An Irritated President Steps Into Kovykta Fray

The Natural Resources Ministry’s subsoil agency on Friday postponed a decision on the Kovykta license for two weeks, but it is thought likely to revoke it then. Delaying a decision until after both the Group of Eight summit and the high-profile St. Petersburg International Economic Forum this weekend could allow the Kremlin to sidestep the issue with foreign governments and investors.

License holder Rusia Petroleum, which is majority-owned by TNK-BP, produced just a fraction of the gas it was supposed to last year, under the terms of the license. The field’s operator is required to produce at least 9 billion cubic meters of gas per year, even though the local market is too small for the gas and Gazprom has refused to allow the building of a pipeline to the neighboring Chinese and South Korean markets.

The only alternative would be to flare the gas, adding to greenhouse gas emissions and contributing to global warming.

TNK-BP is a 50-50 venture between BP and Viktor Vekselberg’s Renova Group, Mikhail Fridman’s Alfa Group and Leonid Blavatnik’s Access Industries.

Potanin’s Interros holding and the Irkutsk regional government hold minority stakes in Rusia Petroleum.

While TNK-BP’s shareholders are believed to be in talks over ceding control of Kovykta, Gazprom has said it is not interested in buying into the project.

The question to Putin came from a Times of London reporter, who asked whether British companies should invest in Russia considering the experiences of BP and Shell, which last year ceded control of Sakhalin-2 to Gazprom after government pressure over purported environmental violations.
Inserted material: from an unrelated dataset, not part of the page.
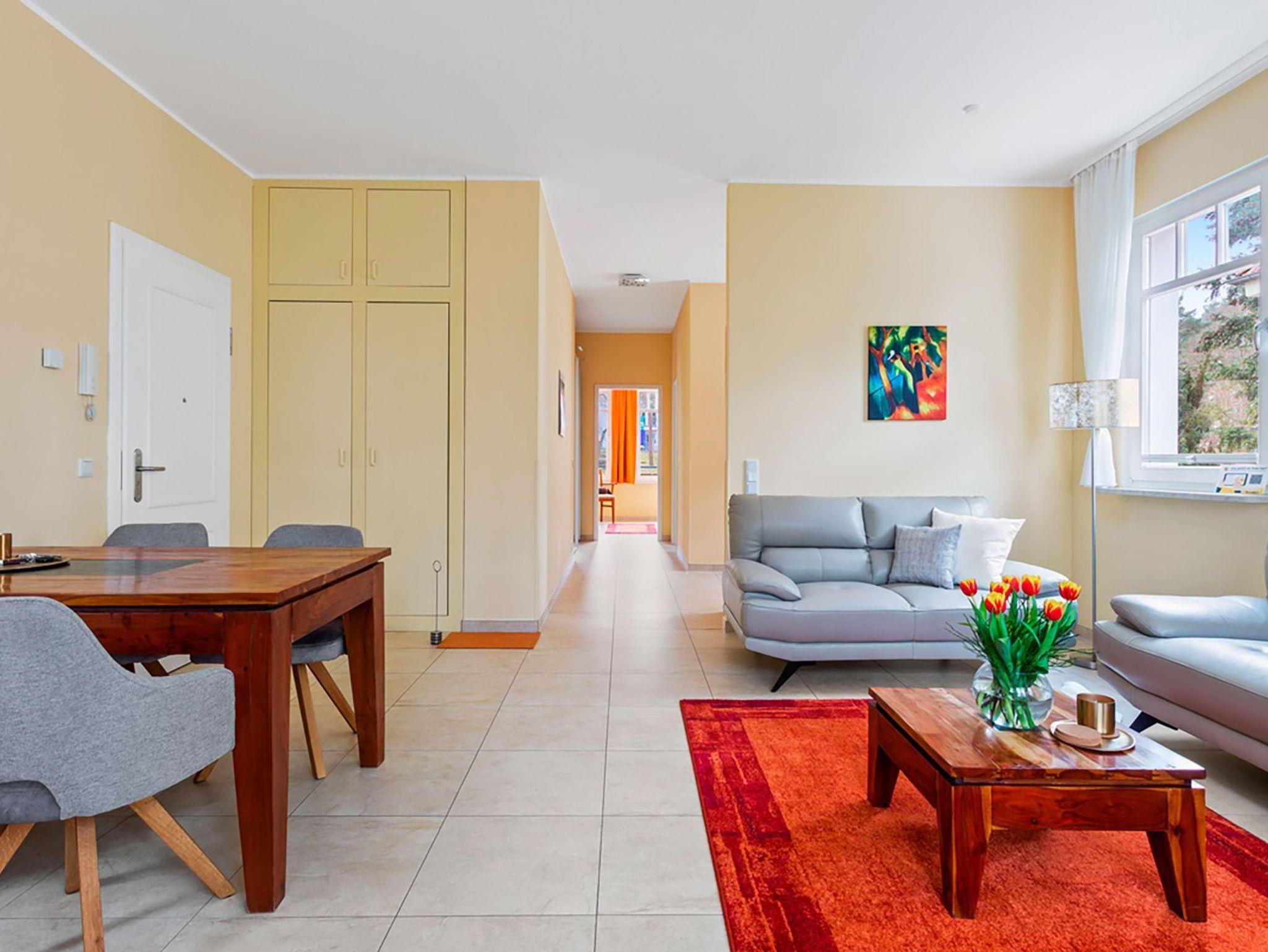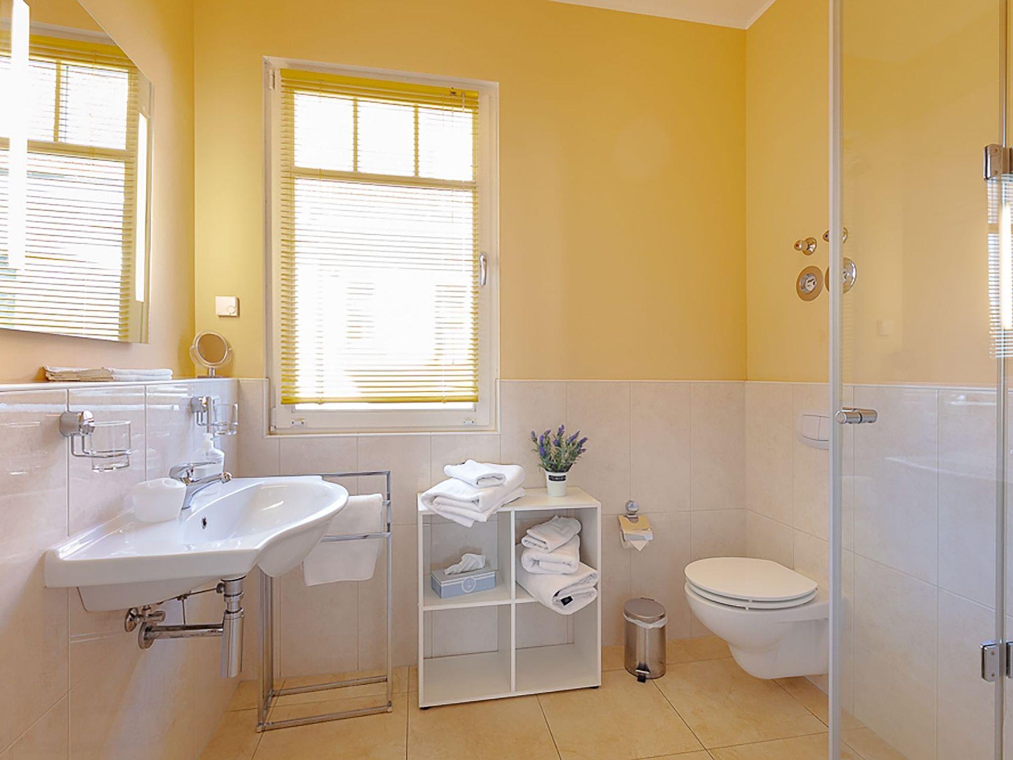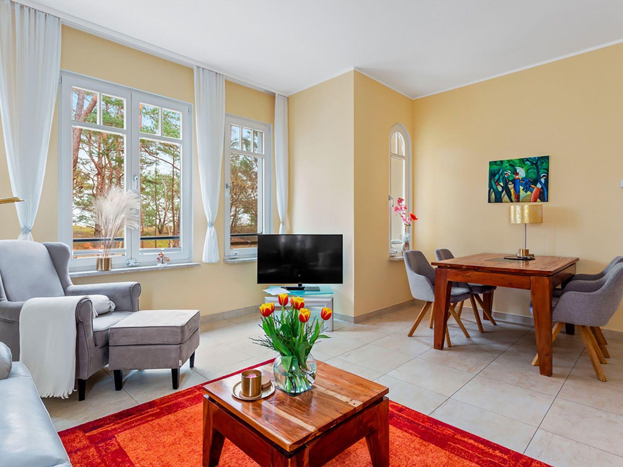 Das 58 m² große 2-Raum-Appartement ?Bernstein? liegt im gemütlichen Hochparterre und ist ideal für 2 Personen. Warme Farben, eine elegante Ledersitzgruppe, bequeme Essstühle, ein Lesesessel und ein moderner UHD-LED-TV sorgen für ein behagliches Ambiente. Direkt vor der Tür erwartet Sie Ihr eigener Außensitzplatz ? perfekt für entspannte Stunden an der frischen Ostseeluft. Schon beim Eintreten, mit einem Blick nach rechts, können Sie trotz der grünen Düne die Ostsee sehen. Das nach Süden ausgerichtete Schlafzimmer ist mit außenliegenden, wärmereflektierenden Sonnenschutzrollos ausgestattet. Da sich darunter der Wellnessbereich des Hauses befindet, schlafen Sie angenehm erhöht ? wie im ersten Stock. Das komfortable Doppelbett (2,00 m x 1,80 m) wird ergänzt durch ein stilvolles Gründerzeit-Vertigo und bietet zudem Platz für ein Kinderreisebett. Ein 2 m breiter Kleiderschrank befindet sich platzsparend in einer Nische im Flur, direkt gegenüber vom Badezimmer. Das Bad ist mit Dusche, Waschtisch, WC, großzügigem Fenster und praktischen Ablagen ausgestattet. Die separate Küche ist vollständig für 2?3 Personen eingerichtet und bietet alles, was Sie für Ihren Aufenthalt benötigen. Ein PKW-Stellplatz direkt am Haus rundet das Angebot ab.

The Natural Resources Ministry Industry and Rusia Petroleum shareholders are negotiating over the field, Putin said, adding that he did not know what solution they would reach.

BP’s new chief, Tony Hayward, flew to Moscow last week for a meeting with Gazprom CEO Alexei Miller. Hayward is due to speak Saturday at the St. Petersburg International Economic Forum.
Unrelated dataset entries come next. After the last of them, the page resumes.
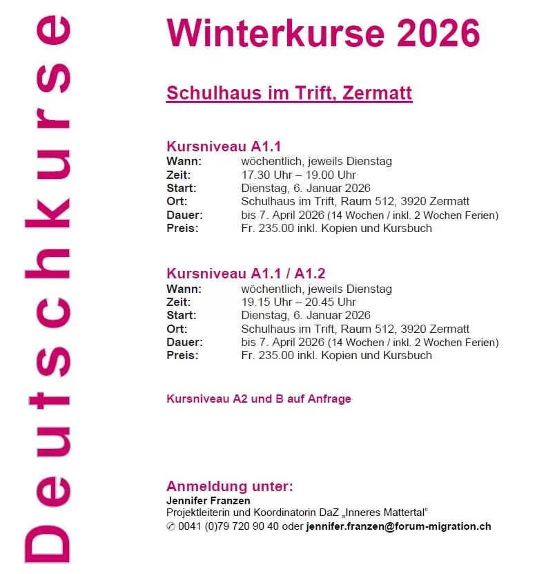 Die Angebote für Deutschkurse in Zermatt ab Januar 2026 sind online!
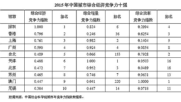 昨天下午,中国社会科学院财经战略研究院、中国社会科学出版社与中国社会科学院城市与竞争力研究中心联合在京发布了2015年度城市综合经济竞争力和可持续竞争力前十强城市榜单。深圳、香港、上海、广州、台北、天津、北京、苏州、澳门和无锡位居2015年综合经济竞争力指数十强。
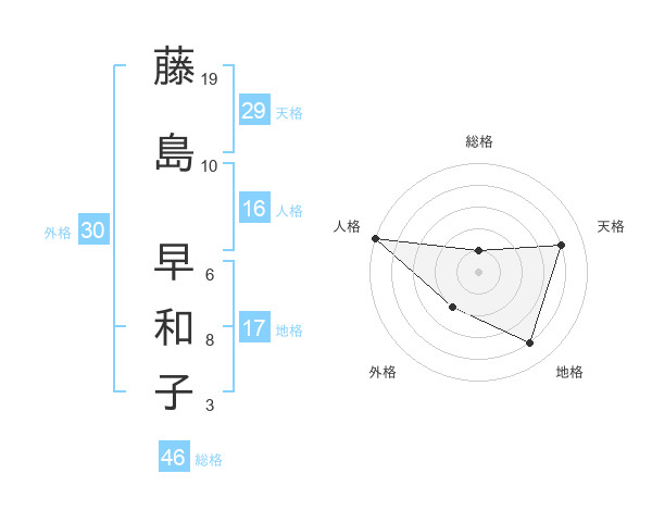 藤島 早和子さんの総格は46画の1点!
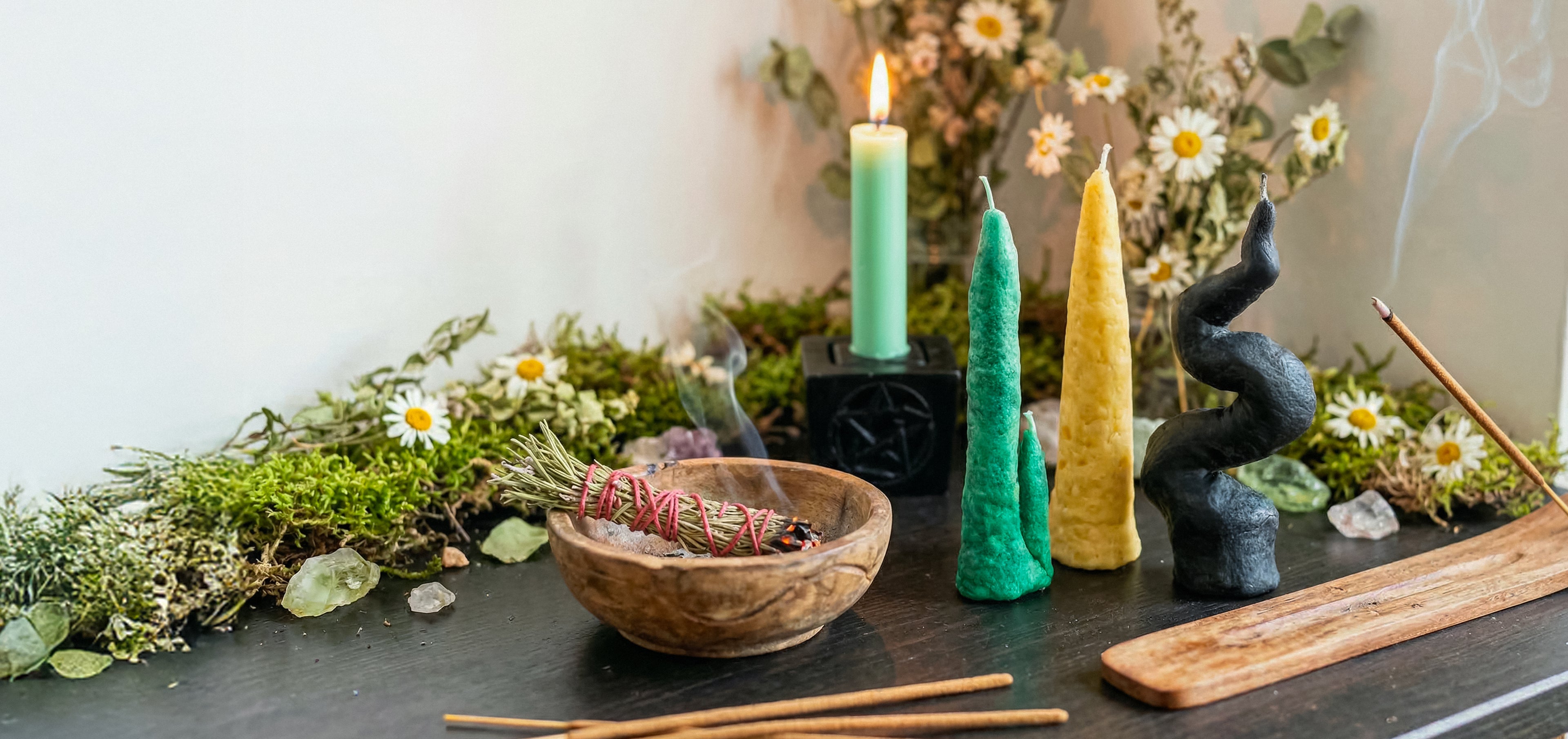 Atelier Datura crée des bougies rituelles, chandelles naturelles et encens artisanaux pour les sorcières modernes.

Putin said Kovykta project shareholders could complain about a lack of access to Gazprom’s pipeline system and many other problems that have hampered development, but that they were fully aware of the potential difficulties when they bid for the license in the early 1990s.

However, when Rusia Petroleum acquired the Kovykta license and BP later took a stake in the company, the current law that gives Gazprom the status of a gas export monopoly was not on the books. That law was passed two years ago.

In what appeared to be a mistake, Putin said Kovykta held “about 3 trillion cubic meters” of gas, rivaling “almost all the reserves of Canada.”

According to Rusia Petroleum’s web site, the field’s total reserves are 2.13 trillion cubic meters. TNK-BP spokesman Alexander Shadrin said he was unaware of the 3 trillion cubic meters figure, declining further comment.

Putin hinted that the license was sold in a shady deal characteristic of the controversial privatizations that followed the Soviet collapse. “I won’t even talk now about how the license was purchased,” Putin said. “Let’s leave this up to the conscience of those who did it a while ago, also in the early 1990s.”

Coming back to foreign investments, Putin said BP otherwise was doing well in Russia, where it has a large reserves and production base. “We welcome its involvement in the Russian economy and will further support and assist the company, but we proceed from the fact that all of its activity will be within the current law,” he said.

“For BP, Russia is an important part of the global asset portfolio,” said BP’s Moscow spokesman Vladimir Buyanov. “This position remains so.”

A spokeswoman for Interros declined to comment on Putin’s remarks. A Renova spokesman did not answer a request for comment.

Putin was signaling that Rusia Petroleum would lose the license if its shareholders did not offer good terms for Gazprom to enter the project, said Andrei Gromadin, an analyst at MDM Bank.

Pavel Kushnir of Deutsche UFG said Putin was trying to convince a Western audience that there were solid legal grounds for withdrawing the Kovykta license. “It is correct to anticipate much negative reaction when the license is withdrawn,” he said. “Putin is trying to soften future criticism in advance.”

Gazprom has no interest in entering the project now, he said. It would rather try to buy full control of the field cheaply from the state at a possible future auction than pay a hefty price for a stake now, Kushnir said. “The license may stay with the government for five to 10 years,” he said.